--- Data provided ---

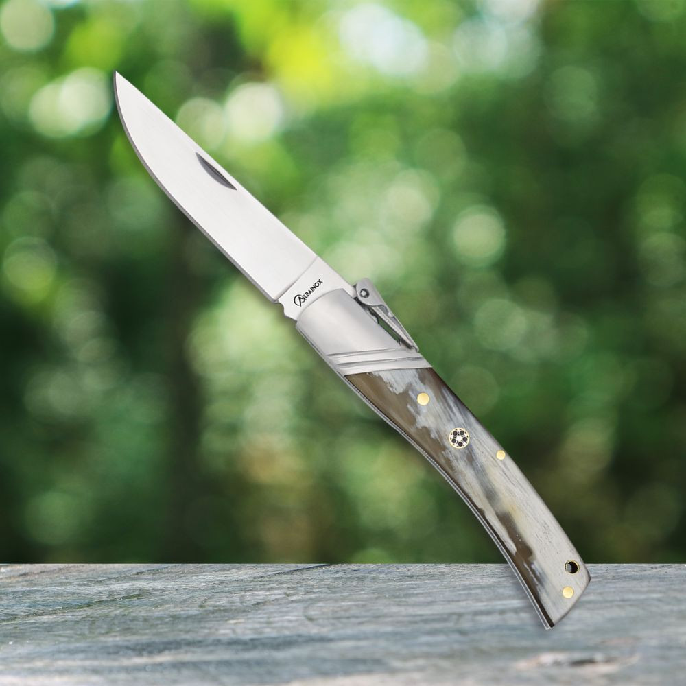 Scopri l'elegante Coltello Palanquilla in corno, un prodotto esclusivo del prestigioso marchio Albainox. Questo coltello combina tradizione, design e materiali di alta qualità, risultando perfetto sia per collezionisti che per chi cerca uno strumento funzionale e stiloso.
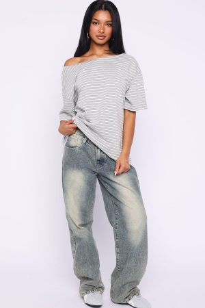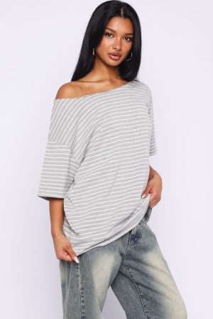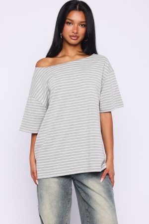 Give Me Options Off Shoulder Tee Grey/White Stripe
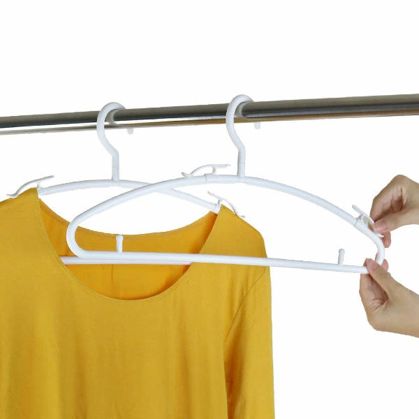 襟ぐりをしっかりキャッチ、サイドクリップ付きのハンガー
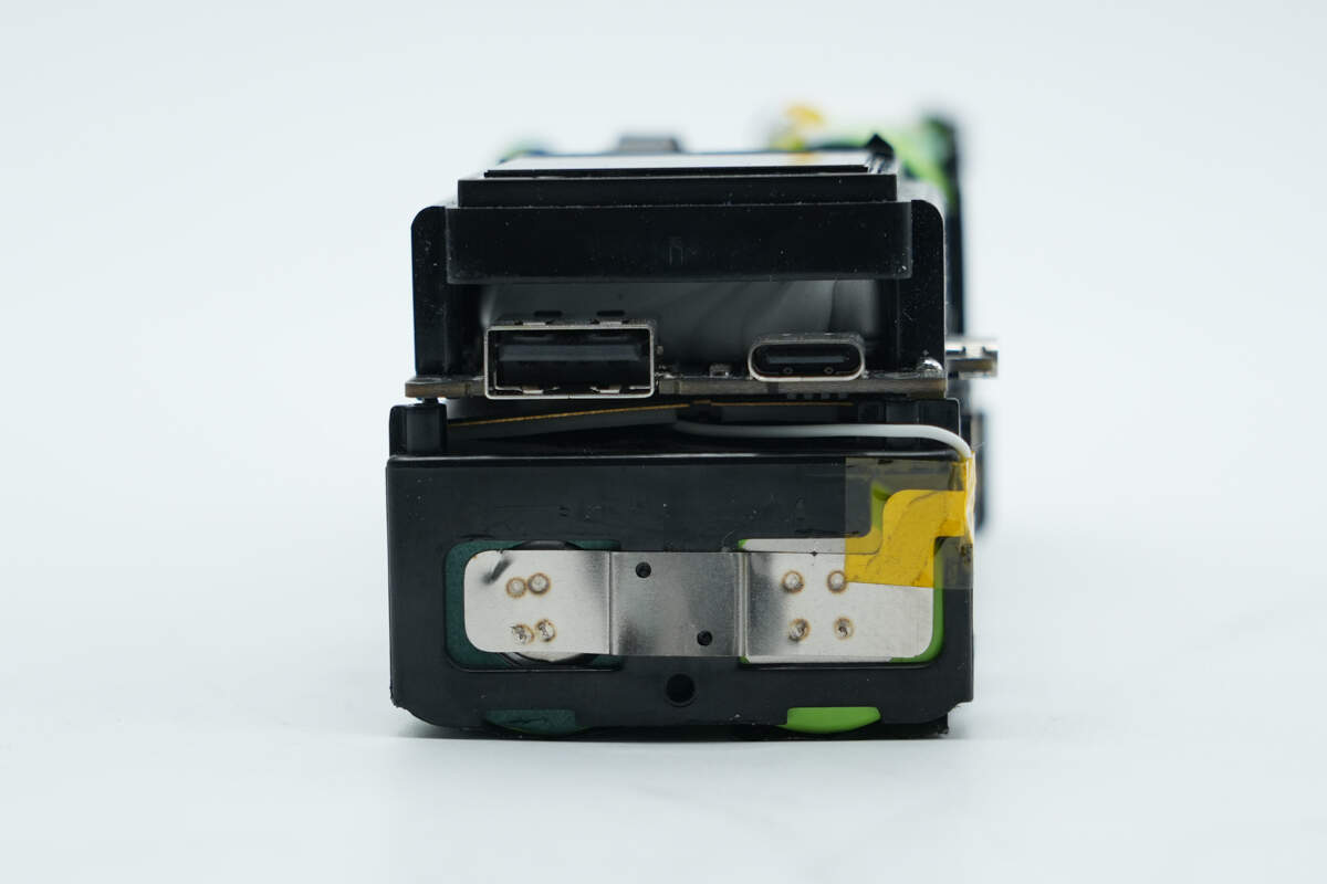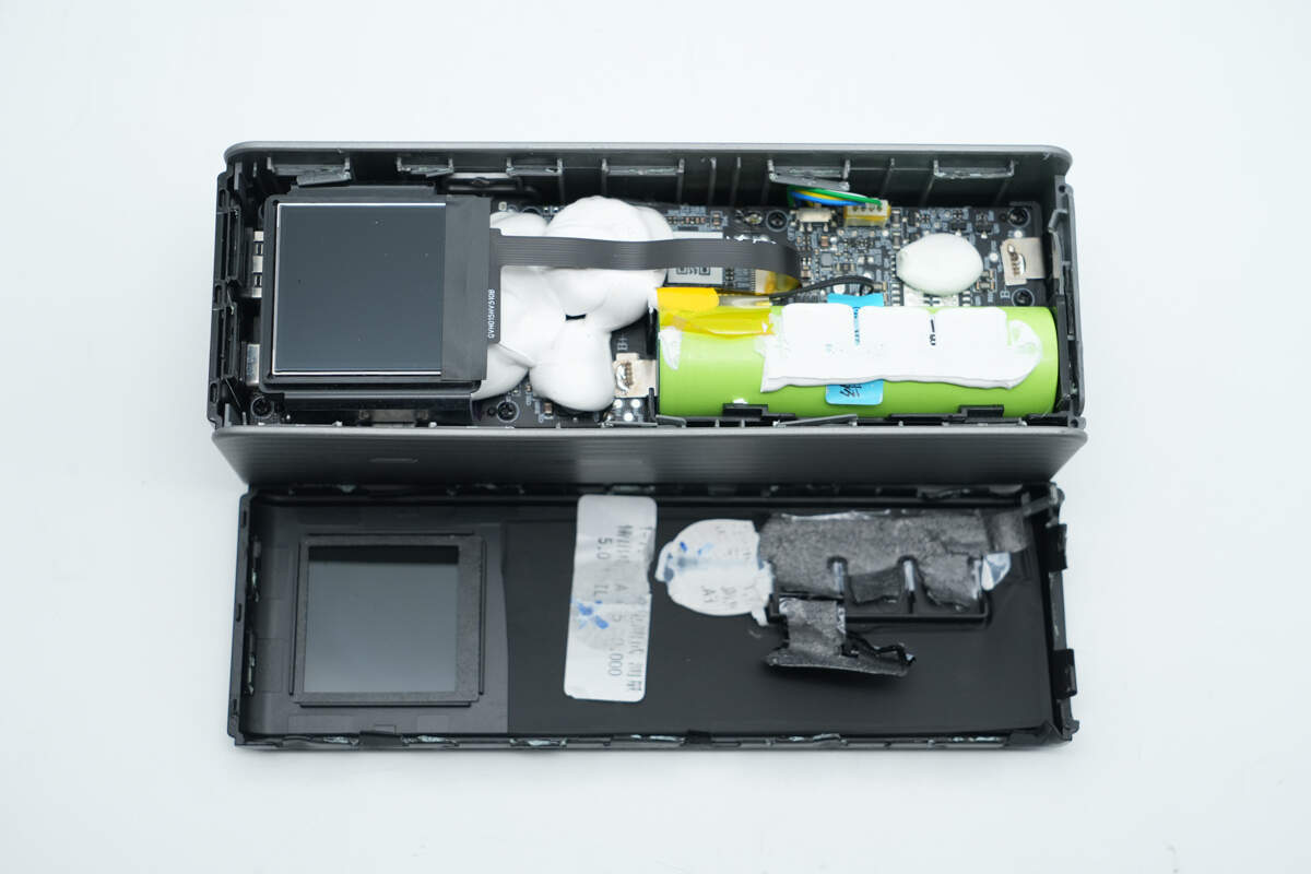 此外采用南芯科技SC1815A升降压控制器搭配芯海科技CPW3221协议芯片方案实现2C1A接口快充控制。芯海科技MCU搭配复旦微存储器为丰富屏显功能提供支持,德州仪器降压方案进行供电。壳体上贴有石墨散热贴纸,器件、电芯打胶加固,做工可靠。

---

Repeat the material exactly, without images.

> **Response below**
 Scopri l'elegante Coltello Palanquilla in corno, un prodotto esclusivo del prestigioso marchio Albainox. Questo coltello combina tradizione, design e materiali di alta qualità, risultando perfetto sia per collezionisti che per chi cerca uno strumento funzionale e stiloso.
 Give Me Options Off Shoulder Tee Grey/White Stripe
 襟ぐりをしっかりキャッチ、サイドクリップ付きのハンガー
 此外采用南芯科技SC1815A升降压控制器搭配芯海科技CPW3221协议芯片方案实现2C1A接口快充控制。芯海科技MCU搭配复旦微存储器为丰富屏显功能提供支持,德州仪器降压方案进行供电。壳体上贴有石墨散热贴纸,器件、电芯打胶加固,做工可靠。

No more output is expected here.